BROOKS, CLARE EDWARD Flying Officer, Pilot J 35328. From Young’s Point, Ontario. Killed in
Action September 13, 1944 age 21. # 101Squadron (Mens Agitat Molem). The crew of Lancaster
aircraft # PB 456 were on a cross-country training exercise when their aircraft caught fire while in
the air and crashed three miles east of the Village of Drymen, South East Loch Lomond, Scotland.
Flying Officer Lloyd George Peardon, Bomb Aimer J 36869, Sergeant John Ridley Stokes, Air
Gunner R 205581, Sergeant James Watt, Air Gunner R 222387, Flight Sergeant V. J. Ward (RAF)
and one other crew member, not Canadian, were killed.

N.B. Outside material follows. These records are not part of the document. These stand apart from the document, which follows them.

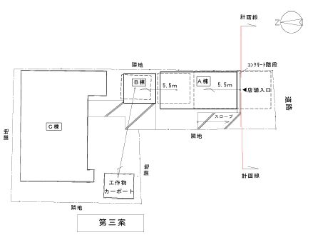 - 従前と同じ道路面に建築することで営業形態を損いません。
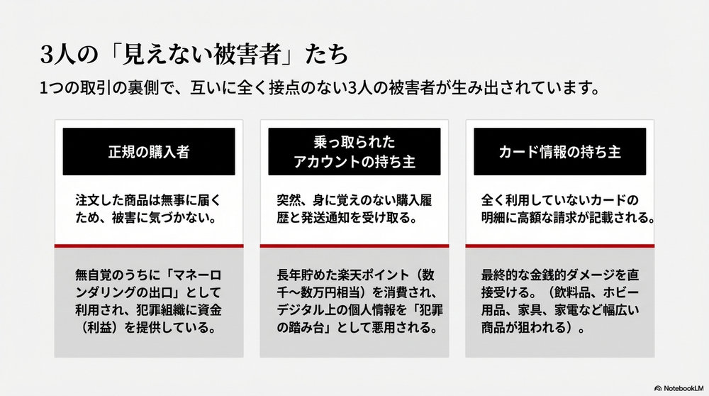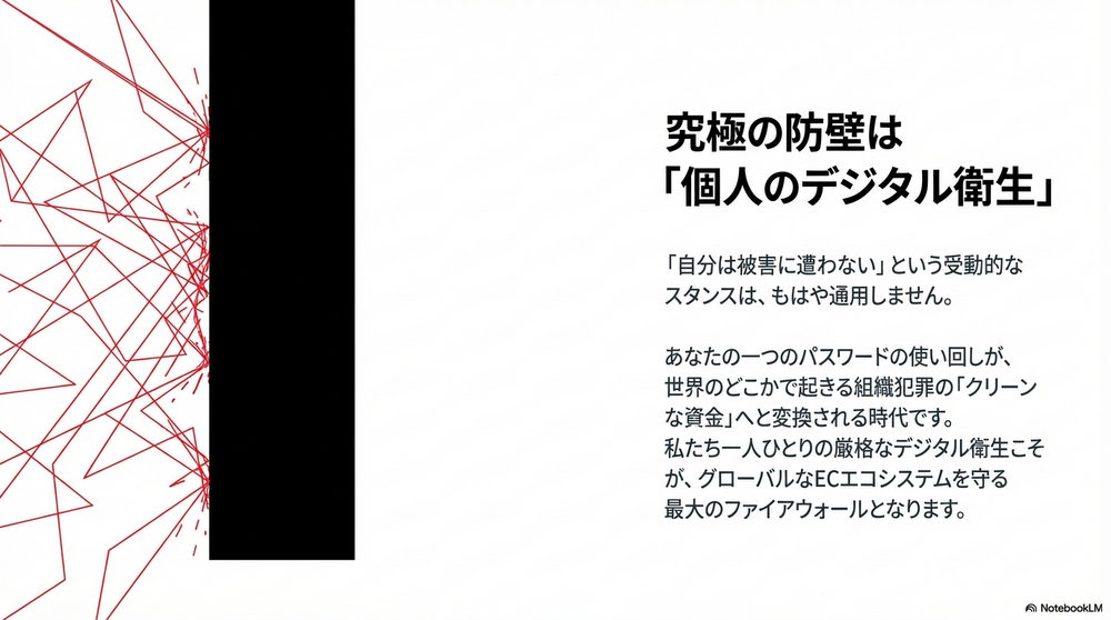 今回明らかになった一連の事件は、単なる「運の悪い誰か」の物語ではありません。ネット社会の構造的な隙間を突き、善意の購入者と無防備なアカウント保持者の両方を巻き込む、高度にシステム化された犯罪です。私たちが享受している「安くて便利なネットショッピング」という恩恵の裏には、常に「セキュリティの維持」という不可避なコストが存在します。そのコストを支払うことを怠ったとき、私たちは被害者になるだけでなく、知らぬ間に犯罪組織の「共犯者」へと仕立て上げられてしまうのです。あなたが手にしたその「15%お得な商品」は、本当に正当な取引の結果でしょうか?
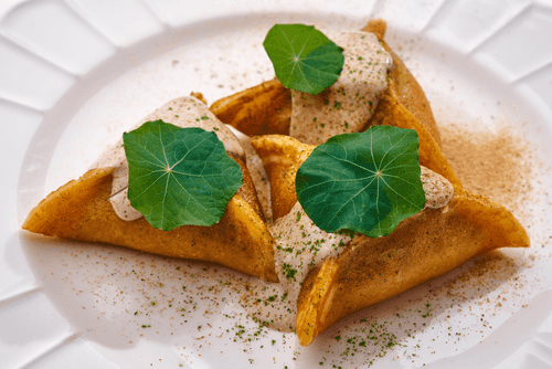 Add a little mushroom sauce to the center of each pancake, wrap it up, brush the edges with egg, and fold crosswise. The pancake samosa is ready!
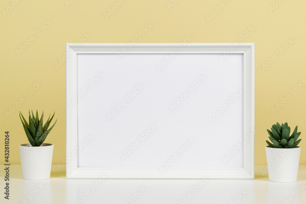 White blank wooden mock up frame and small succulent flowers on white desk with light yellow background. Front view
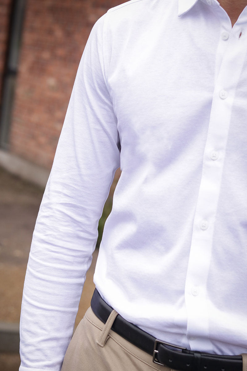 Comfort Shirt i farven White er en stilfuld og lækker tætsiddende skjorte, der passer perfekt til enhver formel eller uformel anledning. Skjorten er designet med en klassisk krave og knaplukning, hvilket giver den et sofistikeret look. Skjorten har også massere af stretch, hvilket sikrer en god pasform og komfort. -
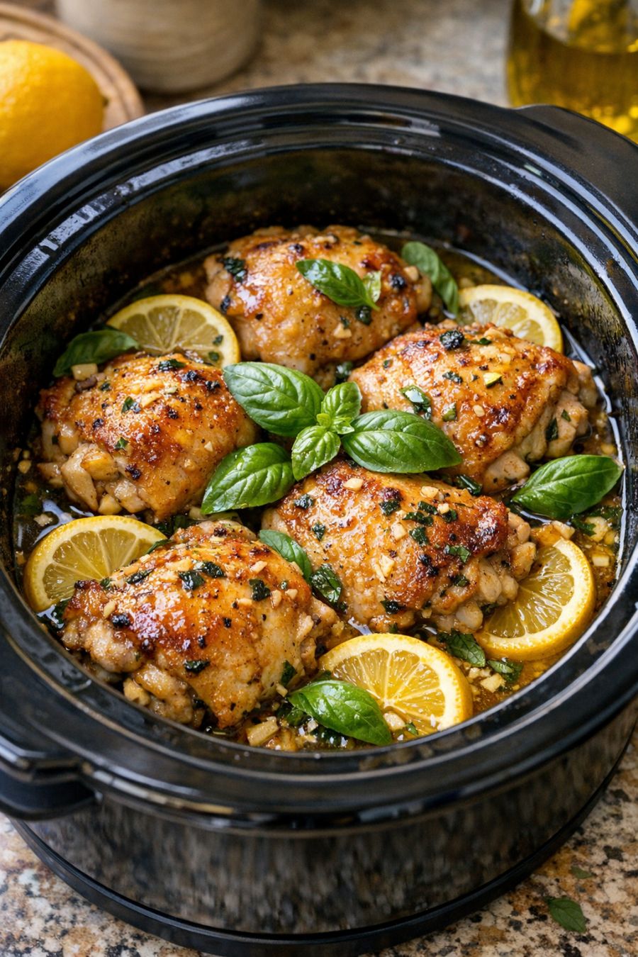 This slow cooker Meyer lemon basil chicken is the kind of bright, simple springtime supper that feels special without asking much of you. The whole idea is built around one fragrant mixture: Meyer lemon juice, fresh basil, plenty of garlic, olive oil, and chicken stock. You just ladle that sunshine-scented liquid over raw bone-in chicken thighs in the slow cooker, snap on the lid, and let time do the work. It reminds me of the first warm days after a long Midwestern winter, when you’re still leaning on your trusty slow cooker but craving lighter, fresher flavors. The meat turns tender, the broth is good enough to sip from a spoon, and it’s the kind of meal that quietly earns a place in the regular rotation.
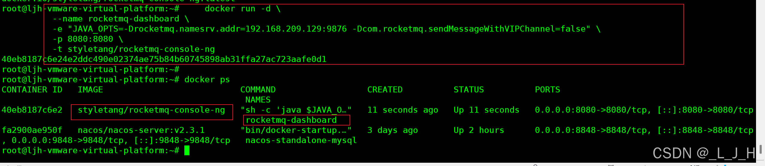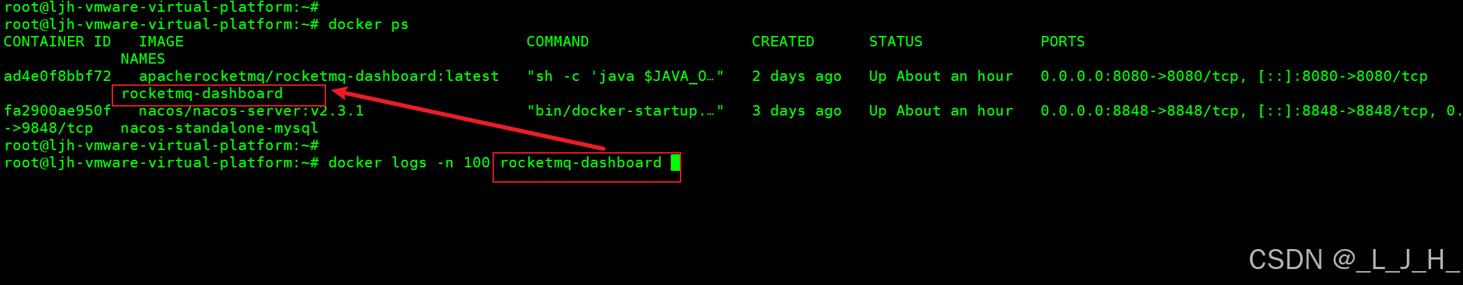 2-1:通过 docker 容器名字查看日志 docker logs -f rocketmq-dashboard

Flying Officer Pilot Brooks is buried in the
Dumbarton Cemetery at Dumbartonshire, Scotland.
­­­———————————————————

A Summary of F/O Brooks’ Flying Hours Within 6 Months Prior to Accident (in hours)

Multi-Engine Aircraft — Day
Dual 21.00
Solo 57.00
Multi-Engine Aircraft — Night
Dual 13.00
Solo 46.0
Totals:
On Link Trainer 74
By Instruments 68
Solo by Night 67
Solo by Day & Night 228

Grand Total Flying — 316 hrs

An excerpt from an article in McLean’s magazine by Barbara Amiel, September 1996

The military is the single calling in the world with job specifications that include a commitment to
die for your nation. What could be more honorable?

PERSONAL HISTORY

CLARE EDWARD BROOKS

Clare Edward Brooks was born to William Edward Brooks & Helena Kearney February 26, 1913 at Young’s Point, Ontario. He lived in Peterborough County for his first 16 years and then York County, Toronto Ontario for his next 12 years. Clare attended the Young’s Point Public School from 1919 to 1927. He earned his senior matriculation at the Peterborough Collegiate from 1927 to 1932. Clare then attended Peterborough Vocational from 1932 to 1933 where he took a Business Course followed by a two-year Motor Mechanics Course which he did at nights. Clare married Helen Frances McDiarmid, born about 1915, October 17, 1942 in Toronto Ontario. Helen Frances lived at Beverly Park, Norland Ontario while Clare was overseas.

Clare had an interest in building and racing speed boats and enjoyed skiing, swimming, hunting and skeet shooting.

Clare had a $50.00 bond registered with the Bank of Montreal at Queen & Yonge Streets, Toronto Ontario. He also had Policy No. 409113 with the London Life Insurance Company with a total amount payable of $103.76.

A Declaration made by Helen Frances Brooks on November 2, 1944 stated:

“My husband took out a bond for $100.00 overseas sometime around April 1944. He wrote me to this effect and said that it would be sent to me – up to present date I have not received same.

Signed by Mrs. Brooks of Beverly Park, RR #1, Norland Ontario”

Clare Edward Brooks died September 13, 1944 in Scotland, UK.

THE CLARE EDWARD BROOKS FAMILY OF LAKEFIELD

Clare Edward’s grandparents were Charles & Mary Brooks, they lived in Northumberland County, Dummer Township, Ontario. Charles, born in 1821 in Ireland married Mary Keogan, born in 1831 in Ireland. Both were members of the Roman Catholic faith. They had at least the following children: Edward; Charles, who was married to Margaret Jane Darling December 24, 1879 in Lakefield; Daniel; Ellen; Bridget; Emma; Anna Maria; Thomas; Margaret and William.
Clare Edward’s parents, William Edward Brooks, born January 11, 1867 in Harwood, Ontario and Helena Honora Kearney, born September 23, 1870 in Young’s Point, Ontario were probably married in Young’s Point November 20, 1894. William & Helena had at least the following children: Oswald H., born July 23, 1895; Adrian Leonard, born March 22, 1897 in Young’s Point; Geraldine, born July 11, 1898; Helen, born July 1901; Russel, born February 3, 1904 and Clare, born February 26, 1913. According to the 1921 Census William was a farmer although he was a Hotel Keeper in 1913. Adrian Leonard, a Hotel Keeper, was married to Francis Adele Grives, May 18, 1916 and they had two children; Ethel 4 and Muriel 1. Russel and Clare were students.